Zwischenzeitlich habe ich mit Naturgart telefoniert und die haben mir geraden, wie auch schon Lars, die Folie um die Matte zu schlagen (die Matte liegt dann in eine Art Tasche). Diese Idee habe ich gestern in einer Nacht- und Nebelaktion    zum großen Teil verwirklicht. Dann habe ich noch den Teich nachgefüllt und heute früh, war der Wasser stand kaum merklich gesunken. Ich werde das Ganze weiterverfolgen und hier berichten.

Vielen Dank. Natürlich bin ich nach wie vor an Euren Meinungen und Ideen interessiert.   

Ciao Jürgen


----------



## Teichforum.info (30. Apr. 2004)

Hallo Zusammen,

gestern habe letzte Hand an die Ufermatte gelegt und sie ist nun komplett, wie oben beschrieben, verlegt. Ich habe dann nochmals bis zu meiner Markierung nachgefüllt und heute früh war der Wasserspiegel nur 0,5 cm unter der Marke. Das Verfahren scheint sich augezahlt zu haben. Sollte sich noch was Interessantes ergeben, werde ich natürlich berichten. Erstmal vielen Dank für  Eure Beiträge.

Ciao
Jürgen  :razz:


----------



## Teichforum.info (30. Apr. 2004)

STELL DOCH MAL FOTOS EIN


----------



## Teichforum.info (2. Mai 2004)

Hallo Zusammen,

meine Mühe war von Erfolg gekrönt. Der Wasserspiegel hält, abgesehen von der erwarteten normalen Verdunstung. Ich habe jetzt auch begonnen die Ufermatte zu begrünen. Die Saat ist ausgebracht und mit einer Folie gegen den Regen geschützt. Einen ersten Test gestern nacht (heftiger Dauerregen) hat das Ganze unbeschadet überstanden, wie ich heute früh feststellen konnte. Danke nochmals an Alle.

Ciao
Jürgen  :razz:      8) 

PS.: Fotos wird es demnächst auch im Album geben.


----------



## Teichforum.info (21. Juni 2004)

*Habe auch probleme mit der Ufermatte*

Hallo,
Ich lese eben euren Beitrag. Ich habe auch probleme mit der Ufermatte.
Seit ich sie verwende, kann ich laufend Wasser nachfüllen.
Ich habe auch nicht soo ganz verstanden, wie man das in den Griff bekommt.
Frage; Ist vielleicht der Ufergraben zu tief?Was ist, wenn ich den Ufergraben anhebe? Das heisst, der Tiefste Punkt des Grabens dem entspricht, als wie der minimalste anzunehmende Wasserstand des Teiches?
Vielen dank für eure Hilfe
Gruss Eddi


----------



## Teichforum.info (21. Juni 2004)

Hallo Eddi,

es ist richtig, daß sich der Wasserspiegel auf die Tiefe des Ufergrabens anpasst. Es gibt 2 Möglichkeiten:

a) Mit Sumpfzone
Die Ufermatte wird in den Ufergraben gezogen und versorgt die Sumpfzone mit Feuchtigkeit.
b) Ohne Sumpfzone, wie bei mir
Eine 2 Folie um die Ufermatte schlagen, damit sie wie in einer Tasche liegt.
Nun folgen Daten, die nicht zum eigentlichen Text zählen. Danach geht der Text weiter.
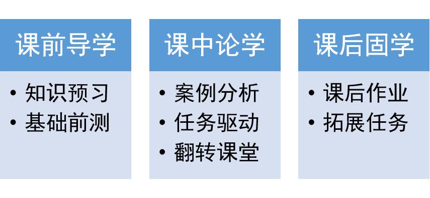 合理设置教学流程,课前导学利用学习平台精心布置学习任务进行知识预习和基础前测;课中论学精准聚焦重点难点,通过案例分析、任务驱动、翻转课堂等多种方式促进知识内化;课后固学课后作业、拓展任务进行知识能力及素质延伸。

Ich habe mal 2 Bilder dazugehängt, damit man es sich besser vorstellen kann.

Auf den Bildern siehst Du links die Ufermatte, die von der Folie umschlagen ist und im Ufergraben verschwindet. In der Mitte den mit groben Kies gefüllten Ufergraben und rechts die Kapillarsperre.

Funktioniert bei mir ganz gut.

Ciao
Jürgen


----------



## Teichforum.info (22. Juni 2004)

*Wasserverlust durch Ufermatte*

Hallo Jürgen,
Vielen Dank für deine Hilfe und Mühe.
Es scheint bei dir geholfen zu haben?
Wenn ich dich richtig verstehe, habe ich 2 Möglichkeiten. Die erste, den Ufergraben anzuheben?
Die zweite wäre, einen weiteren Folienstreifen so wie du um die Ufermatte zu legen? Hat das echt bei dir was gebracht?
Nachfrage zu der zweiten Mögichkeit. Wie breit hast du den Streifen zugeschnitten, bzw. wie lang muss der Streifen unter und über der Ufermatte überlappt werden?
Anbei ein Bild meiner Situation, der linke Teil des Ufergrabens ist mein Problem. Es ist dort alles Matsch...Ist mir echt zu viel Sumpf. Wenn ich nicht nachfülle, das sinkt das Wasser ab so, das die ganze erste Etage trocken liegt.
Noch eine Anmerkung; Die Ufermatte scheint Unkraut zu besiedeln, wie bei mir.. Ich habe auch diese Pflanzsaat drübergestreut.Und habe jetzt schwierigkeiten zu erkennen, was Unkraut ist und was nicht..Gefällt mir überhaupt nicht. Vielen Dank für die Antwort.
Lieben Gruss Eddi


----------



## Teichforum.info (22. Juni 2004)

Hallo Eddi,

meine Methode hat wirklich geholfen. Ich habe jetzt nur noch die natürliche Verdunstung. Bei einer sonnigen Woche muß ich auch ab und zu nachfüllen.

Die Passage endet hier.